The predictors we chose above are statistically significant.However, we notice that interaction terms are not contributing to model predictability. We would say lm_3 will be better than the other two models because its root means square error seems to be smaller.

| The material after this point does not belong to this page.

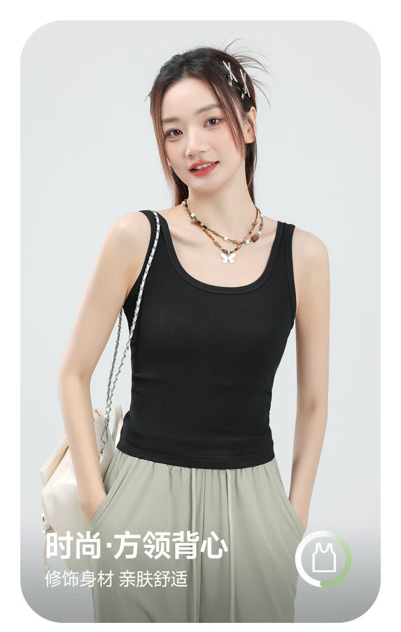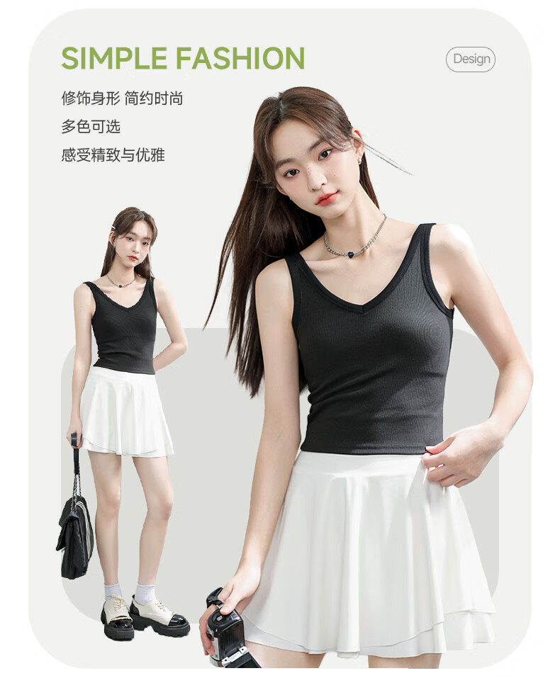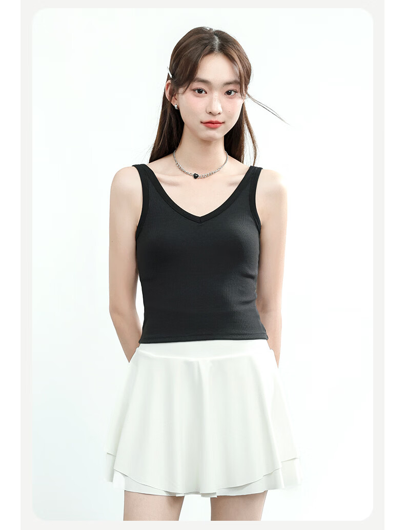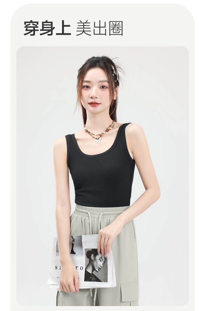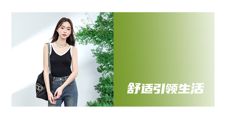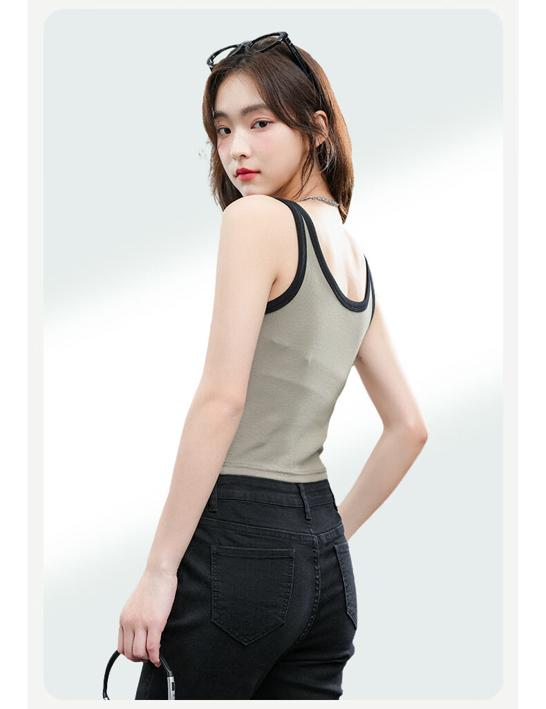 回力(Warrior)撞色V领吊带背心女2026年夏季女装新款时尚休闲简约百搭轻熟上衣 黑#纯色 XL

Therefore, lm_3 could be useful for predicting the total number of bus delays in Manhattan.

cv_df %>% 
  mutate(
    rmse_lm1 = map2_dbl(lm_1, test, ~rmse(model = .x, data = .y)),
    rmse_lm2 = map2_dbl(lm_2, test, ~rmse(model = .x, data = .y)),
    rmse_lm3 = map2_dbl(lm_3, test, ~rmse(model = .x, data = .y))) %>% 
  select(starts_with("rmse")) %>% 
  pivot_longer(
    everything(),
    names_to = "model", 
    values_to = "rmse",
    names_prefix = "rmse_") %>% 
  mutate(model = fct_inorder(model)) %>% 
  ggplot(aes(x = model, y = rmse)) + geom_violin()

Model Conclusion

Month, rainfall, snow depth, and day are good predictors for anticipating the number of daily delays in Manhattan.